▸ **RECORD SET**
──────────────────────────────

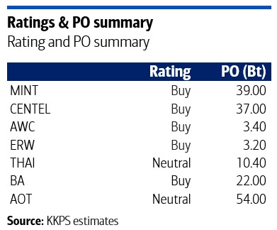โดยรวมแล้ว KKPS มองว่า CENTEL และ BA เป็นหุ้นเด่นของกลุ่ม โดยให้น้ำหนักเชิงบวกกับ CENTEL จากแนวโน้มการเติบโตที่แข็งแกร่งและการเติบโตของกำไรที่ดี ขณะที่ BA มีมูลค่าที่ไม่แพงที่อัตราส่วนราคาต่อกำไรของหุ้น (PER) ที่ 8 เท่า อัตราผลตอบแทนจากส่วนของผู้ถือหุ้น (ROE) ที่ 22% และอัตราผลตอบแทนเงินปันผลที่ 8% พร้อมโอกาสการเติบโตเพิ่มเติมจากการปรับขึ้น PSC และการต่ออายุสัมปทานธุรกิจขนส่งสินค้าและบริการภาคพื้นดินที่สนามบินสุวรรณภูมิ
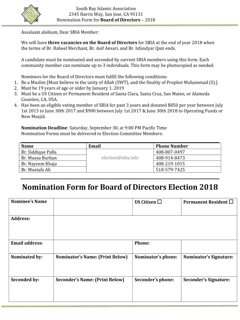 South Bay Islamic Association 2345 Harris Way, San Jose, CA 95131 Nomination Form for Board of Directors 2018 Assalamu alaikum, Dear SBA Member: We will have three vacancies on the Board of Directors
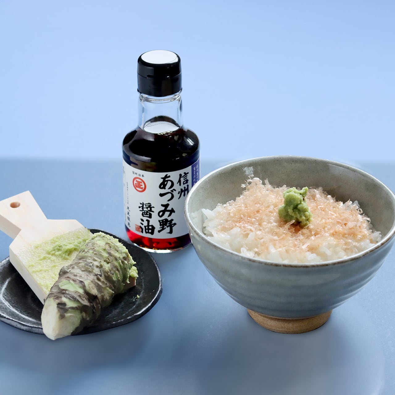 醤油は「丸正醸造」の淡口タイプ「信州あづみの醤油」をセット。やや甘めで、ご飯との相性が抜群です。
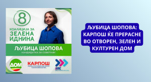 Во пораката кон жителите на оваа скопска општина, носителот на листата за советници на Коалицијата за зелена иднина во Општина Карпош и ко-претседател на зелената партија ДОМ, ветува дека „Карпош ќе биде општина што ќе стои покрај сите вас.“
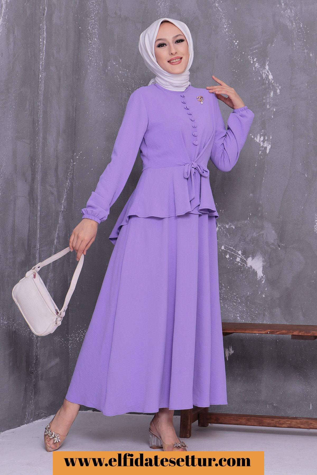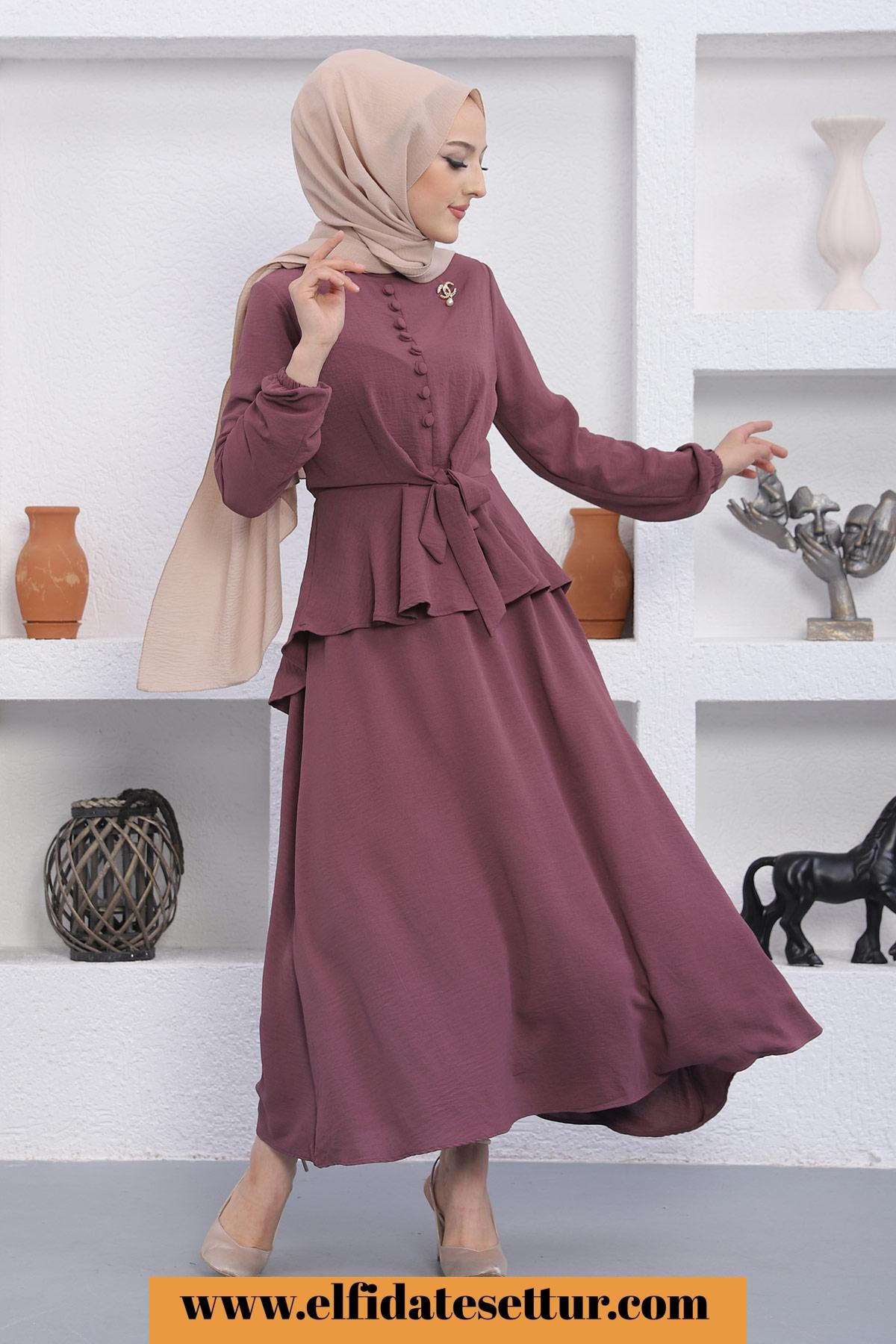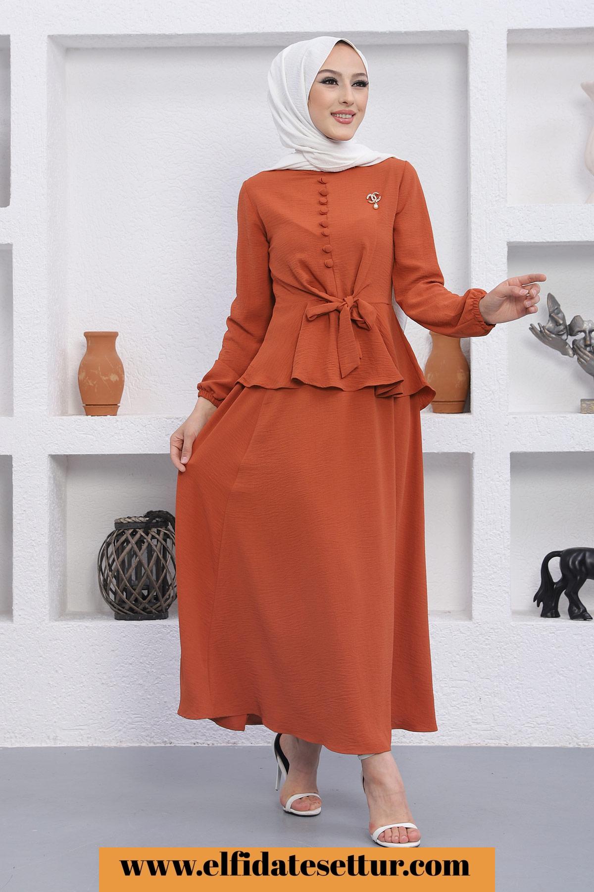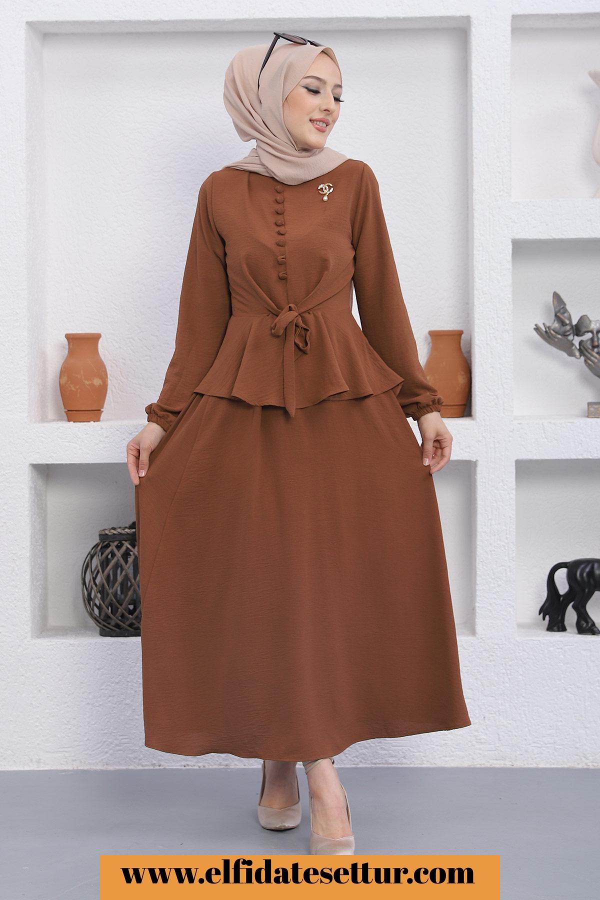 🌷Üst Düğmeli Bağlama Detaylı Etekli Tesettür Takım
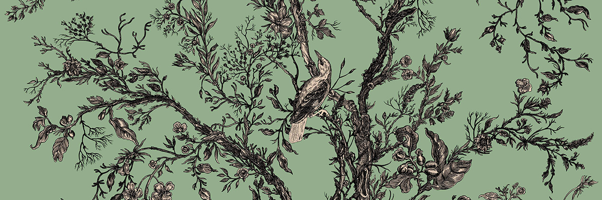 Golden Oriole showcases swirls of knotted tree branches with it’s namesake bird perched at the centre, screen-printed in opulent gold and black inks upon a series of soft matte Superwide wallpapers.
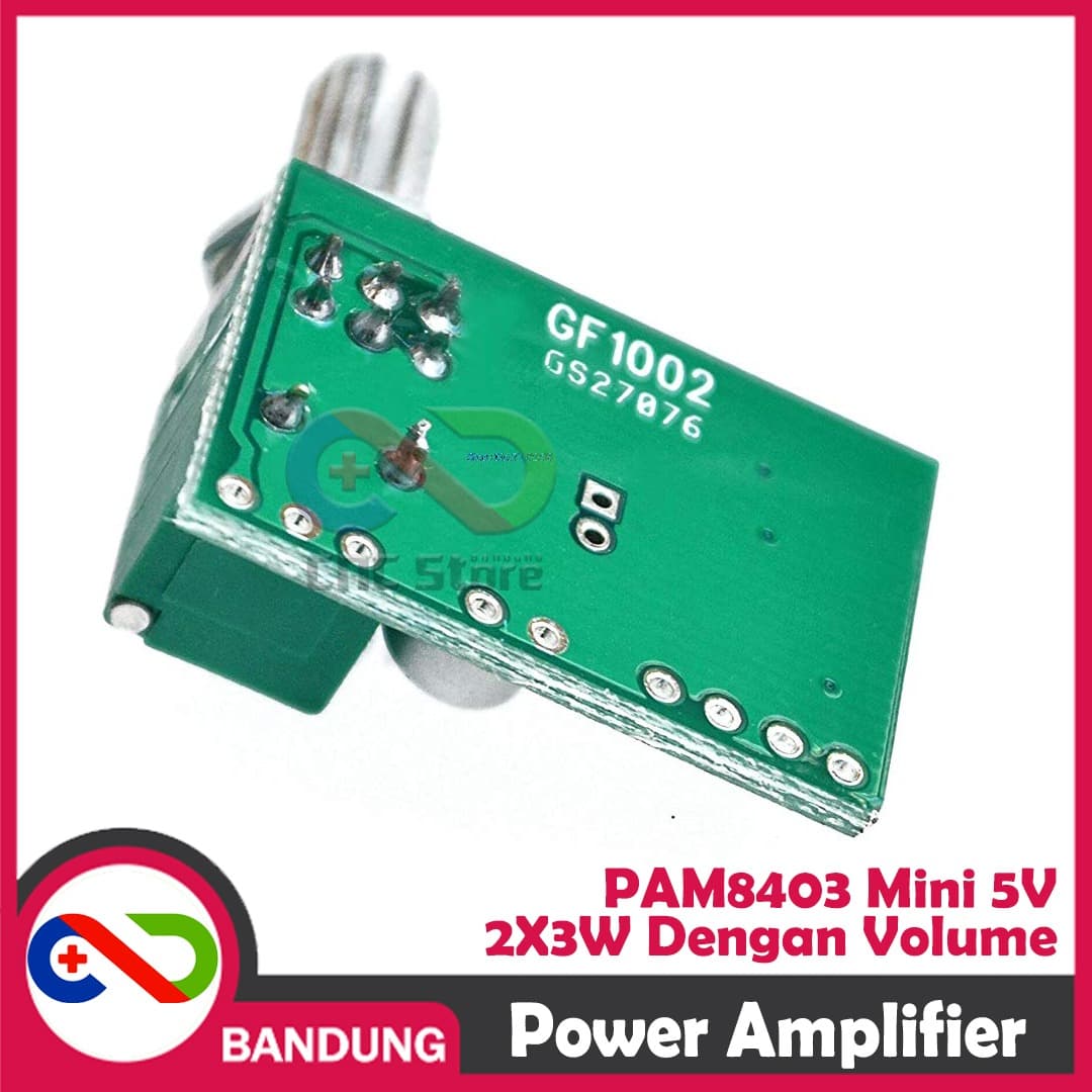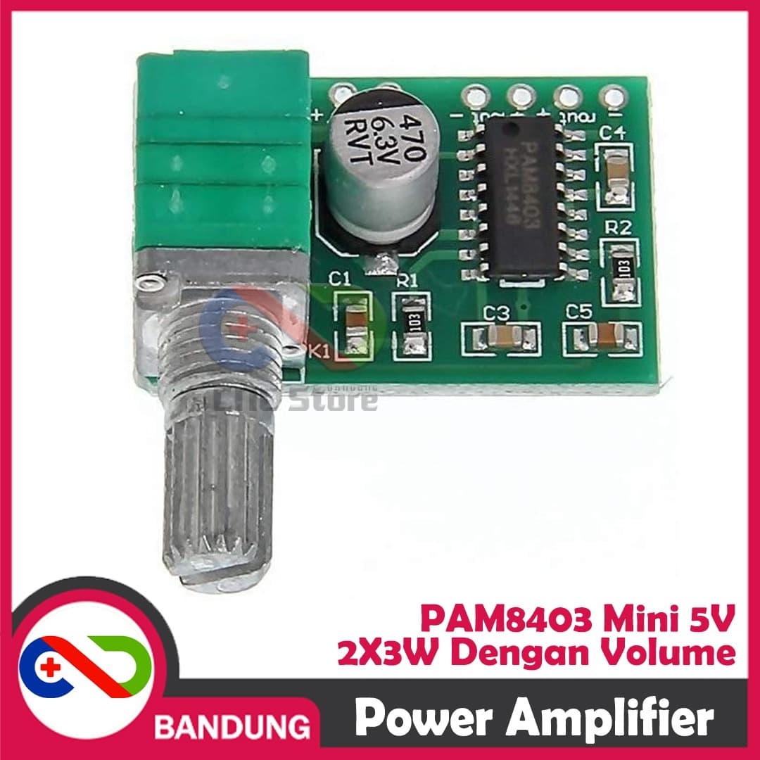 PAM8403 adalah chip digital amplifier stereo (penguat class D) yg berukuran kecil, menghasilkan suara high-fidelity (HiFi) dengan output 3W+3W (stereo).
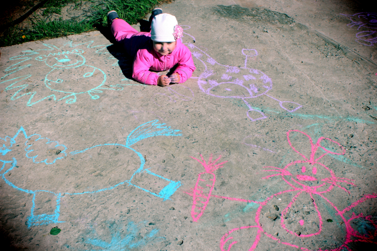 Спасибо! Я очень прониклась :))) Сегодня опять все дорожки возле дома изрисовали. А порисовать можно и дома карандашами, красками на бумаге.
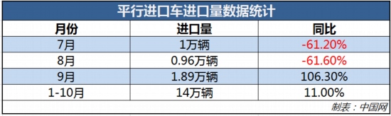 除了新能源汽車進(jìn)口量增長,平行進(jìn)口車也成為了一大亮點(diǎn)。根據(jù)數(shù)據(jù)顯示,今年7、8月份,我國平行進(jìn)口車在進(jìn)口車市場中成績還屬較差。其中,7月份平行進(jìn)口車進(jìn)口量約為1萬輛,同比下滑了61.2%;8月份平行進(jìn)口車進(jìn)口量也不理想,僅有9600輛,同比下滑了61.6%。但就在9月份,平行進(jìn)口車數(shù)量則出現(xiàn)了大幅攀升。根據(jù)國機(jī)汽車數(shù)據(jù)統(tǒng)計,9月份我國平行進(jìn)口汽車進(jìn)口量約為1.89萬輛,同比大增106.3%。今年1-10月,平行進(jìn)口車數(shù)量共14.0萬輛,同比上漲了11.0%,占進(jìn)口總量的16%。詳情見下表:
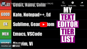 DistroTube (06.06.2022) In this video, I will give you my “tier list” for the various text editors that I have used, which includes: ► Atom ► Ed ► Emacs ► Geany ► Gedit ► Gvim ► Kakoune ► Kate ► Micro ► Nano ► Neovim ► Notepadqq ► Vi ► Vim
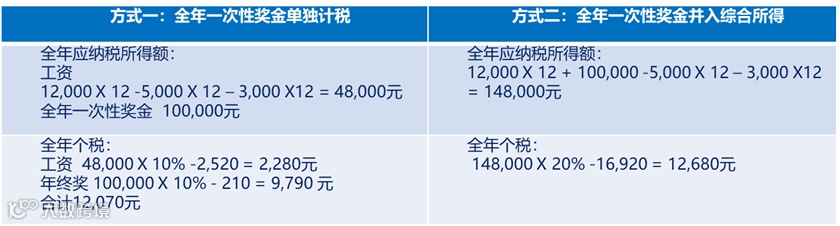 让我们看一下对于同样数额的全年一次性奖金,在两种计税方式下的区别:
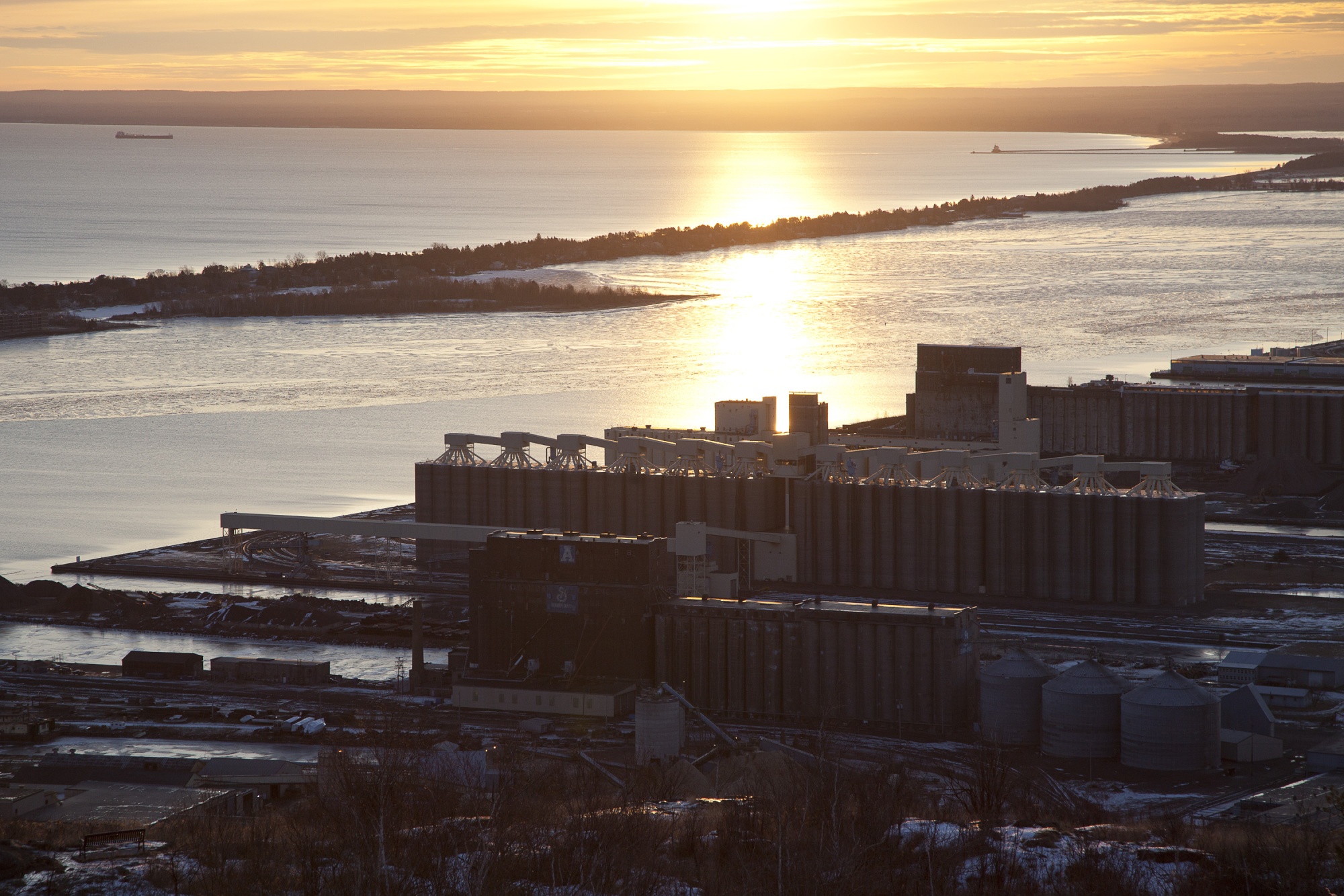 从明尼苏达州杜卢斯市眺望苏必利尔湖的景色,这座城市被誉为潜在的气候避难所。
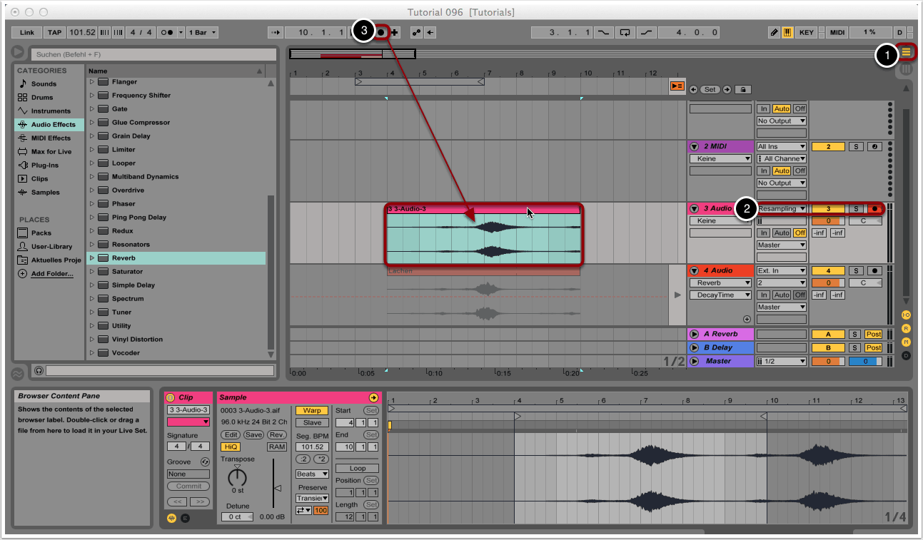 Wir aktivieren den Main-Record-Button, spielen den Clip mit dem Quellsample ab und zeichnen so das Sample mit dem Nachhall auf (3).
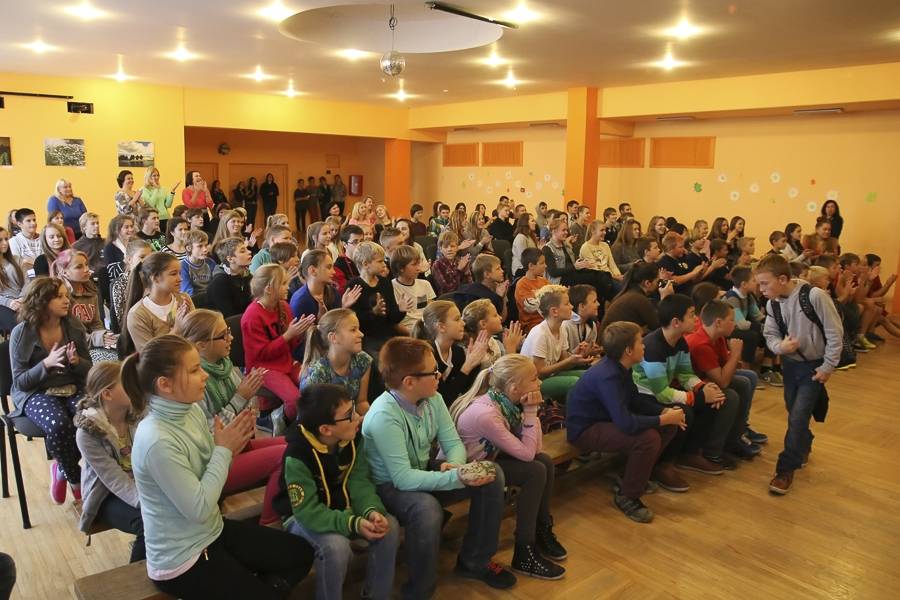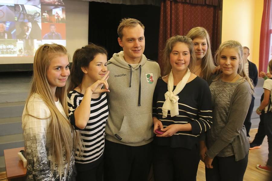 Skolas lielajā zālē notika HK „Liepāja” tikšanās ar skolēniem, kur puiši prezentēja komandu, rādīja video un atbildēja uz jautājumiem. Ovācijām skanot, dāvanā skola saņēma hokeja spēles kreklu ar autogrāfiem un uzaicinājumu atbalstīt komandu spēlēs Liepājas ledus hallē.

──────────────────────────────

▸ **TASK DESCRIPTION**
Out of the records above, set down only the lines from the one that contains "Etekli Tesettür Takım" through the one that contains "PAM8403 adalah chip", unchanged and without the pictures.

▸ **SOLUTION BELOW**
 🌷Üst Düğmeli Bağlama Detaylı Etekli Tesettür Takım
 Golden Oriole showcases swirls of knotted tree branches with it’s namesake bird perched at the centre, screen-printed in opulent gold and black inks upon a series of soft matte Superwide wallpapers.
 PAM8403 adalah chip digital amplifier stereo (penguat class D) yg berukuran kecil, menghasilkan suara high-fidelity (HiFi) dengan output 3W+3W (stereo).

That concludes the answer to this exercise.